What needs to be done:
Your answer should be every line of the records that contains the word "Cross".

══ Extracted entries

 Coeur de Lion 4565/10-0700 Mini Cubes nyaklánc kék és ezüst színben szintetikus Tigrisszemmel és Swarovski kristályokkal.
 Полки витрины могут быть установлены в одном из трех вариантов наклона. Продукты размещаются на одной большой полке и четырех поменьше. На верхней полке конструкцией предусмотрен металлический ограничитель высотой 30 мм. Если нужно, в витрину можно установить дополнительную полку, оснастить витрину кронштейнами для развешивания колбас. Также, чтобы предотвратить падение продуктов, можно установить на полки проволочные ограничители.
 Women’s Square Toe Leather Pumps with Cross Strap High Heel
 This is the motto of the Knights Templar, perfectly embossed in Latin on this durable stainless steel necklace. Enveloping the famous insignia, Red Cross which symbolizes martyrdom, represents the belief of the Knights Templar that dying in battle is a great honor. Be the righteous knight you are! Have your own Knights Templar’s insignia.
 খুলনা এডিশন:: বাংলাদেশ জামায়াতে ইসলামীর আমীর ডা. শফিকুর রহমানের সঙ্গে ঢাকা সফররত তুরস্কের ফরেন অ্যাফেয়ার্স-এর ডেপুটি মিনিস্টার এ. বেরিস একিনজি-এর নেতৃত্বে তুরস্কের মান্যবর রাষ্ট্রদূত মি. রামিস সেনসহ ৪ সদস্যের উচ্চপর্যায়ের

════
══ Extracted entries

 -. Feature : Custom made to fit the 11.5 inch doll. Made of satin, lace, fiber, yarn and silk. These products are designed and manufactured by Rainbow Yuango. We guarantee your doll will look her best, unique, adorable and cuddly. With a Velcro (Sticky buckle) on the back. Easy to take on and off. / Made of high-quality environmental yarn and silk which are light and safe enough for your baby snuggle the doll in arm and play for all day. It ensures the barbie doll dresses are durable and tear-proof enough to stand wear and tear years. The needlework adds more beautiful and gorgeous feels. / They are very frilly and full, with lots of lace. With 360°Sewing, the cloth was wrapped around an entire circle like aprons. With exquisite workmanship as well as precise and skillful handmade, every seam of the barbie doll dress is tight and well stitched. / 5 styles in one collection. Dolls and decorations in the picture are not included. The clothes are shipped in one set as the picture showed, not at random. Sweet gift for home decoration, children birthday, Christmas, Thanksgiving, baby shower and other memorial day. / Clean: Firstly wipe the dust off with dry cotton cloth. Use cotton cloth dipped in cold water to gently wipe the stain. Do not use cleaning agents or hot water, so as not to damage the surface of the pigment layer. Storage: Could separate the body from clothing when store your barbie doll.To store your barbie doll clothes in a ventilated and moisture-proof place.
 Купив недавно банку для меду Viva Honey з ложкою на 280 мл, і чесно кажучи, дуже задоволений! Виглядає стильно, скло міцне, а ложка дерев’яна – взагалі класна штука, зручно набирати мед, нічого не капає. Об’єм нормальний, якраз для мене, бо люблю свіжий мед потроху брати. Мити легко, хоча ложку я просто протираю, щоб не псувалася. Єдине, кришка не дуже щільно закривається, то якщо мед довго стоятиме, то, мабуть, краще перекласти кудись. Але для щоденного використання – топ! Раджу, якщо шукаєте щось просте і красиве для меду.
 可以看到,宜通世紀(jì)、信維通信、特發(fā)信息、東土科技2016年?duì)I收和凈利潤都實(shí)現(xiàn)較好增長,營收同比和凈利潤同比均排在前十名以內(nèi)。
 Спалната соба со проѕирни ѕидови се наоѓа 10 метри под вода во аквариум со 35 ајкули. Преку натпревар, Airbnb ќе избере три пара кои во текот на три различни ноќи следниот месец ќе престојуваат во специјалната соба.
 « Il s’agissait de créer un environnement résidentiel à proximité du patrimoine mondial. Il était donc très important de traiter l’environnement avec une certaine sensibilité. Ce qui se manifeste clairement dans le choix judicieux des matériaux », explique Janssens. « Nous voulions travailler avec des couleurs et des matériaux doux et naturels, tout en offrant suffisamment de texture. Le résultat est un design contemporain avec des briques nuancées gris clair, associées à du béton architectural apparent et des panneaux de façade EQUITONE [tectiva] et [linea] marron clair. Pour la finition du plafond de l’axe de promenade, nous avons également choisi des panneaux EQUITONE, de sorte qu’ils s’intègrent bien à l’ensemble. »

════

Exercise answer:
 Women’s Square Toe Leather Pumps with Cross Strap High Heel
 This is the motto of the Knights Templar, perfectly embossed in Latin on this durable stainless steel necklace. Enveloping the famous insignia, Red Cross which symbolizes martyrdom, represents the belief of the Knights Templar that dying in battle is a great honor. Be the righteous knight you are! Have your own Knights Templar’s insignia.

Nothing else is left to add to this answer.